Metodología de intervención no es igual al de investigación

Vie, 04/09/2026 - 16:03
Autor:

Mgtr. Carlos F. González/ Psicólogo Criminólogo Docente Universitario

 

En la elaboración de proyectos de intervención observo una confusión frecuente en algunos colegas y en consecuencia en sus estudiantes y es la de trasladar a la sección de metodología, la estructura propia de una investigación tradicional. Cabe mencionar al respecto que ya el proyecto de intervención en sus secciones previas ya ha desarrollado el diagnóstico, la justificación, los objetivos y el marco de referencia. En la lógica de la intervención el énfasis está en la acción planificada, el seguimiento y la evaluación de resultados.

La finalidad de un proyecto de intervención es transformar o mejorar un problema concreto identificado mediante acciones organizadas.

Por ello, la metodología debe mostrar con claridad cómo se ejecutará la intervención, en qué tiempo, con qué responsables, con qué recursos y bajo qué criterios se verificará el avance. En este sentido, los cronogramas no son un complemento menor, sino una herramienta metodológica central que ordena la intervención en el tiempo y permite controlar su implementación.

La sección metodológica la componen los objetivos específicos con la respectiva meta y la elaboración de los correspondientes cronogramas de actividades, de seguimiento y de evaluación.

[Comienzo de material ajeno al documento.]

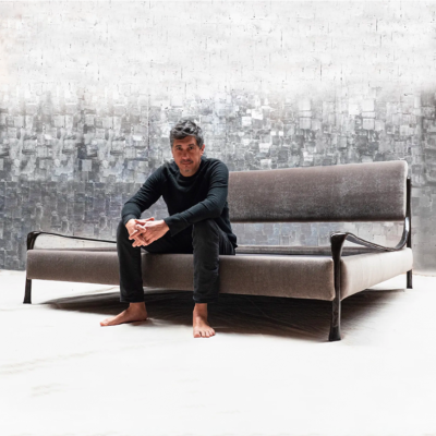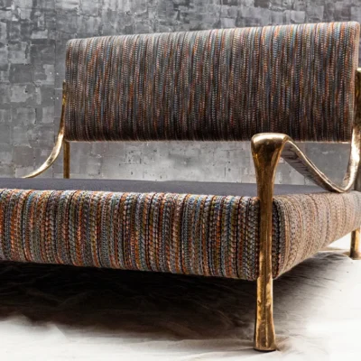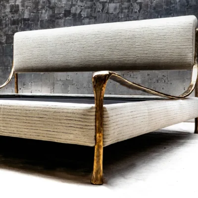Upholstered bed with hand cast silicon bronze frame.

El primero organiza las actividades y tareas, el segundo permite verificar el cumplimiento progresivo de lo planificado y el tercero valora los resultados obtenidos en función de los objetivos propuestos.

Cabe destacar que el seguimiento y la evaluación no deben verse como etapas externas al proyecto de intervención, sino como componentes inherentes a su metodología. La literatura sobre proyectos de intervención señala que una intervención bien diseñada debe incluir implementación, registro de acciones, procesamiento de información y evaluación del impacto o de resultados, ya sea en términos cuantitativos o cualitativos.

Enfatizar que los cronogramas de actividades, seguimiento y evaluación constituyen la expresión metodológica propia de la intervención y es la diferenciación de la investigación.

Desde una perspectiva académica y práctica, lo importante no es sobrecargar la metodología con categorías propias de una tesis de investigación, sino asegurar que la propuesta de intervención sea operativa, verificable y evaluable.

Al contemplar los respectivos cronogramas anotados, responden mejor a la naturaleza propia de los proyectos de intervención y evita la confusión entre investigar sobre un problema e intervenir para mejorar, solucionar o cambiar un problema identificado.

En síntesis, la metodología de un proyecto de intervención no tiene por qué replicar la estructura clásica de una investigación. Cuando los apartados previos ya están desarrollados, tres cronogramas bien construidos pueden ser suficientes para sostener técnicamente la fase metodológica, siempre que incluyan actividades, seguimiento y evaluación de forma clara y coherente.